Why do you see your car everywhere after buying it?

Repeated rewarding objects are processed in the visual cortex with greater weight.

By Fred Schwaller

There is a concept in psychology called the Baader-Meinhof phenomenon, also known as the frequency illusion, where once you purchase a new car you start seeing it everywhere. The idea is that there is an attentional ‘awakening’ to the object that now holds value to you.

A new study suggests that this attentional awakening occurs early in the visual processing stream in the primary visual cortex (V1), an area of the brain that receives sensory input from the optic nerve via the thalamus. The study, published in Current Biology in April 2020, found that neuronal representation of a repeated visual stimulus is enhanced in V1, but only when it is associated with a reward.

The idea behind the study came from research showing that when sensory information comes into the brain, it is not a simple real-time representation of the sensory environment. Instead, information is modified by previous experiences so that important visual stimuli are prioritized in the visual cortex to become more salient.

The authors began by investigating how repeatedly showing the same visual stimulus to a mouse affected its neuronal representation in V1. To do this, they presented mice with the same stimulus over consecutive days in a virtual reality environment using the Phenosys Virtual Reality system, and trained the mice to link the stimulus with a water reward.

Over time, they found that the neuronal representation of the repeated stimulus was enhanced in V1, as measured by in vivo two-photon Ca2+ imaging of V1 neurons in awake mice. Importantly, this increased neuronal representation only occurred when the stimulus was paired with a water reward. If there was no reward associated with a stimulus, repeated exposure to the stimulus did not change its representation in V1.

In a second set of experiments, the authors showed that when a second visual stimulus was paired with a water reward, this also had enhanced representation in V1 but in a separate population of neurons from those that represented the first stimulus.

“The first time I saw these robust reward signals in V1, I was really surprised,” co-lead author Janelle Pakan said. “but this shows the fundamental principle of integration across multiple brain regions. Interestingly this is happening in the visual processing stream earlier than we thought.”
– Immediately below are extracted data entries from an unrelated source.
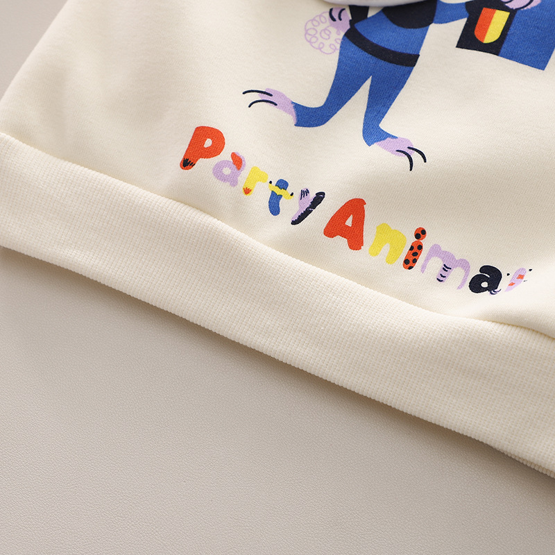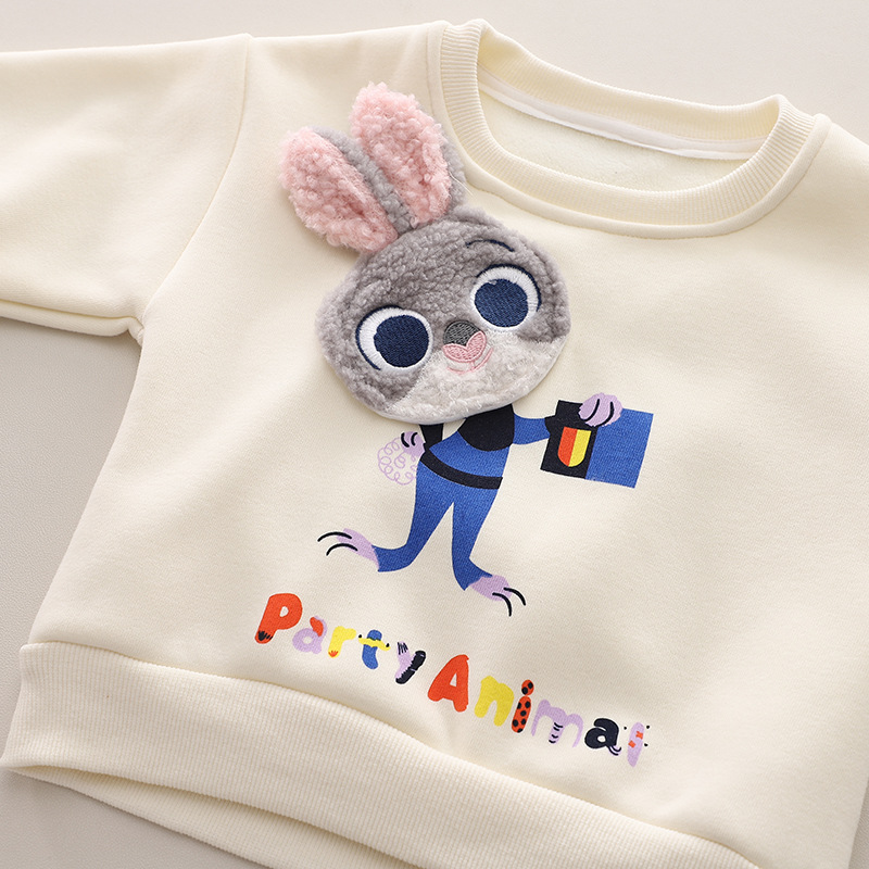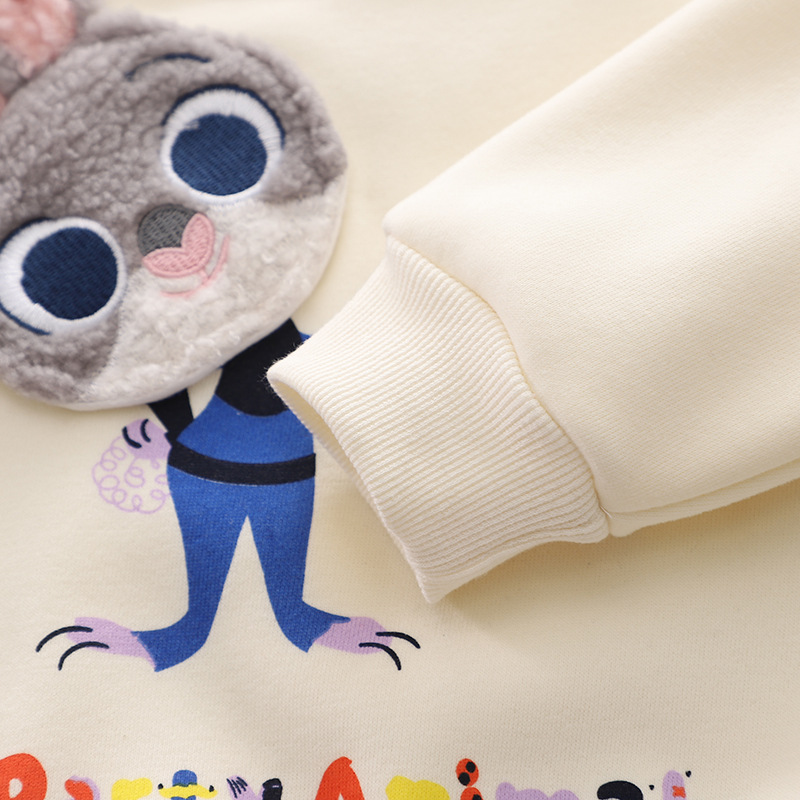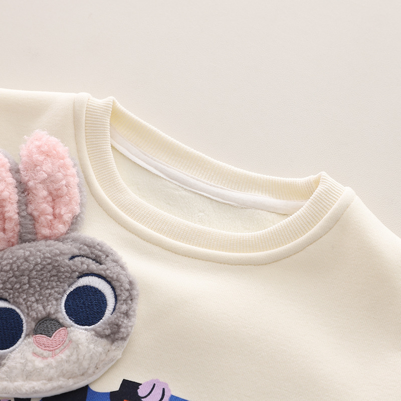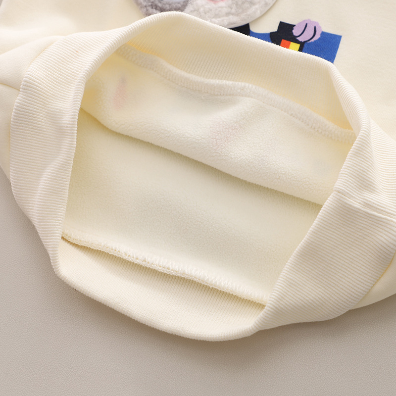 -Bluză/hanorac din material de înaltă calitate, moale și căptușit, de culoare vanilie. Model cu croială standard, cu o mare aplicație pufoasă și un imprimeu cu iepuraș.
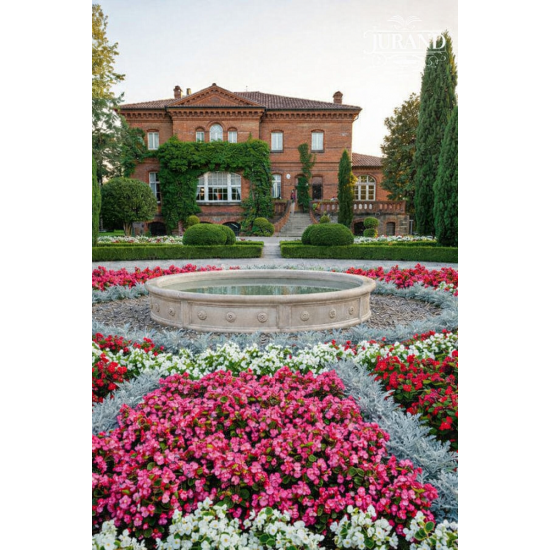 Dekorativní jezírko inspirované klasickou zahradní architekturou kombinuje jednoduchý kruhový tvar s jemnými květinovými ornamenty. Tyto detaily dodávají nádrži elegantní a harmonický vzhled.
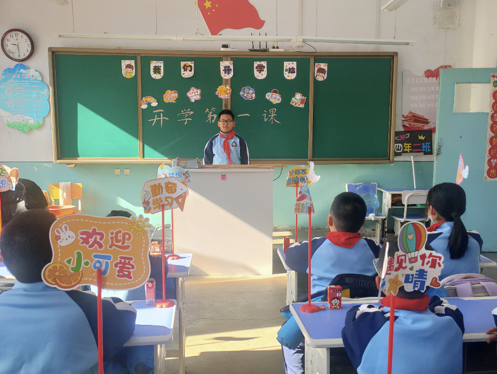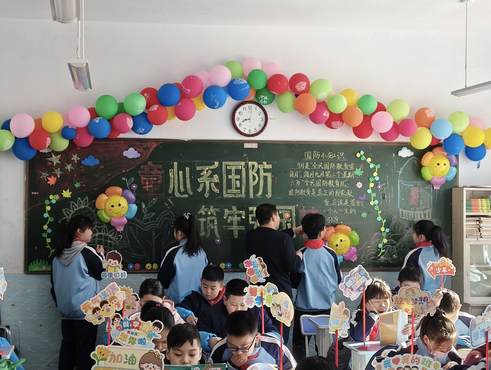阳光下,五星红旗格外鲜艳,红领巾分外耀眼,雄壮的国歌声响彻校园。各班首先开展了“开学第一课”安全教育主题班会,为同学们普及校园安全知识,从防火、防溺水、防交通事故及毒品的危害等方面对学生进行安全教育,每一项都与我们的日常生活息息相关。随后孩子们在老师的指导下,绘制以国防教育为主题的黑板报,进一步强化国防教育。
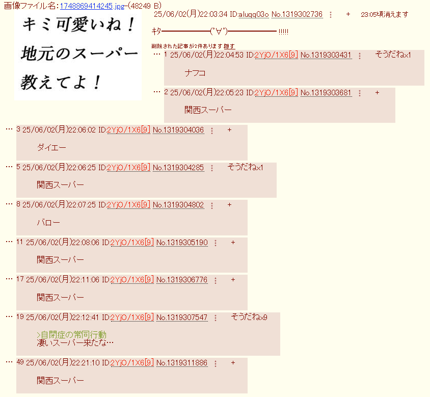 | … | 626/03/26(木)00:45:05No.1414291830そうだねx1スレッドを立てた人によって削除されました |
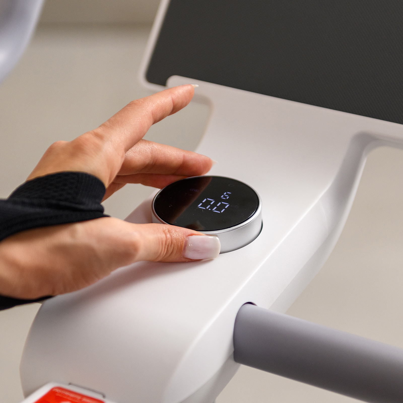 Управление осуществляется с помощью многофункциональной кнопки на консоли с LED-дисплеем. Консоль отображает параметры тренировки, включая пульс, измеряемый сенсорными датчиками на руле. Это позволяет контролировать интенсивность нагрузки и следить за прогрессом.
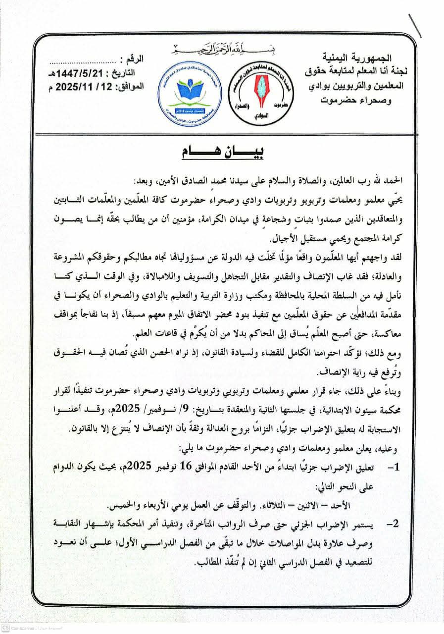 أعلن معلمو ومعلمات وتربويو مديريات وادي وصحراء حضرموت، تعليق الإضراب جزئيًا ابتداءً من يوم الأحد الموافق 16
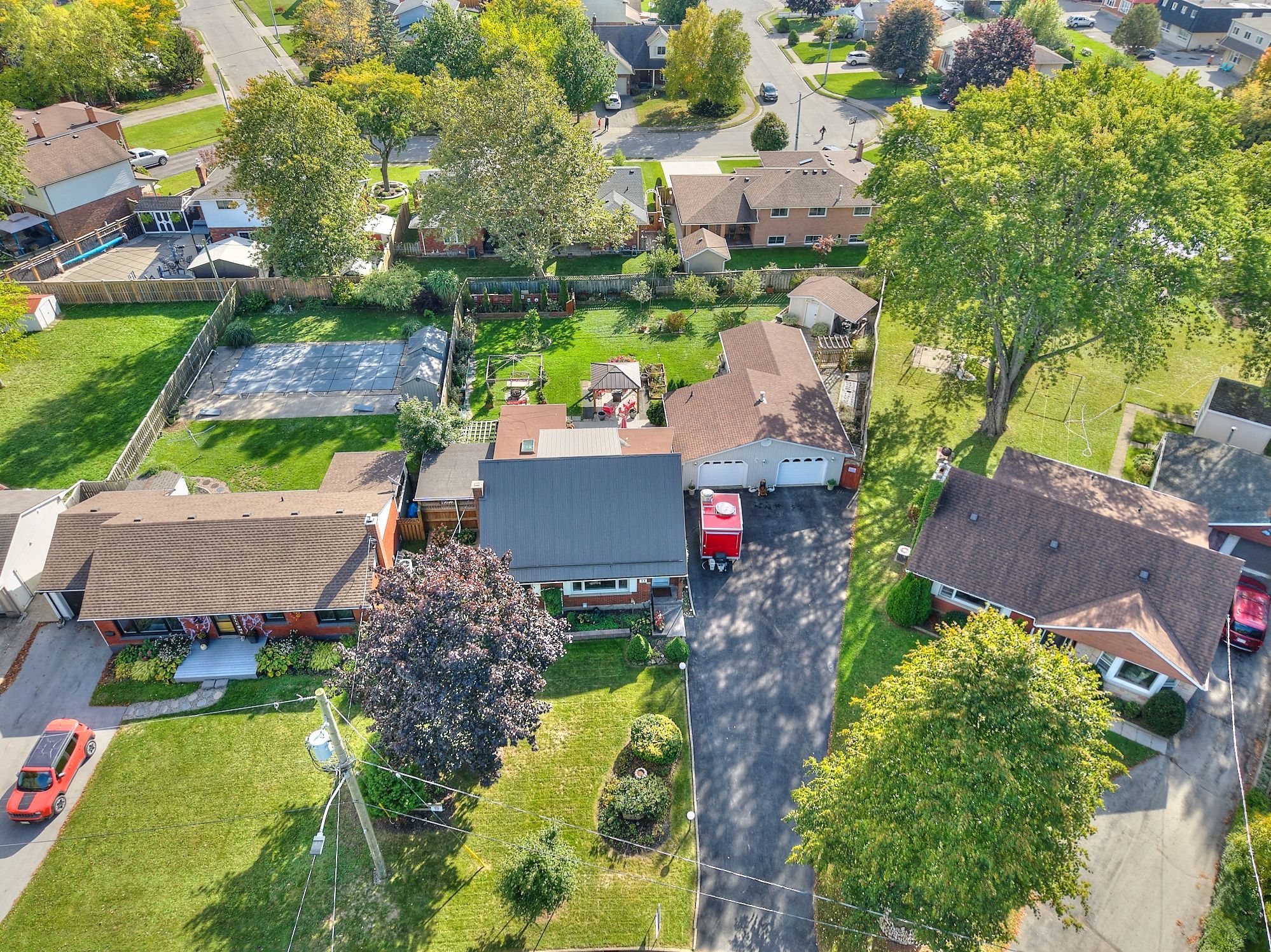 Welcome to this beautifully maintained 3+1 bedroom, 3-bath character home, offering charm, craftsmanship, and modern convenience throughout. Set on a massive private lot in a prime location, this property is perfect for families who value space, comfort, and functionality. Inside, you'll find a warm and inviting atmosphere filled with character details, including a family room with a gas fireplace, brazilian cheer flooring, knotty pine ceilings, a skylight, and clear cedar walls. Each level features a full bathroom and a bedroom, offering flexibility and convenience for families or guests. The primary suite includes a walk-in closet for added comfort. The sunroom features two sets of sliding doors one leading to the outdoor covered porch and the other to the backyard creating a seamless flow between indoor and outdoor living. The home boasts a steel roof, centennial windows with a lifetime warranty, leaf guard eavestroughs, and upgraded insulation in both the attic and upper level for efficiency and peace of mind. Plumbing upgrades include wider copper pipes, an xl capacity hot water tank, and a water pressure pump. The dream 3-car garage is a true standout fully equipped with front and rear overhead doors, garage door openers, and one bay that's insulated, heated with its own gas furnace, and plumbed with a sink and urinal. Outdoors, enjoy a double asphalt driveway, hot and cold water taps, a trailer electrical hookup, a new covered gazebo, aggregate concrete patio, and beautifully landscaped perennial gardens and fruit trees. With thoughtful updates, quality materials, and exceptional attention to detail, this home is ready for your family to move in and enjoy! Conveniently located just 5 minutes from all amenities, including centennial high school, niagara college, seaway mall, grocery stores, and quick access to highway 406.

Overall, these findings show that visual stimuli are continuously processed in relation to their behavioral relevance, where more rewarding stimuli are represented with greater weight in the visual cortex. This supports the view that visual stimuli are continuously and dynamically regulated in the visual cortex, where newly rewarding stimuli can be rapidly prioritized in a matter of days.

So unfortunately you didn’t set a new trend by buying that car; more likely it became a salient image in your brain where once it was part of the noise.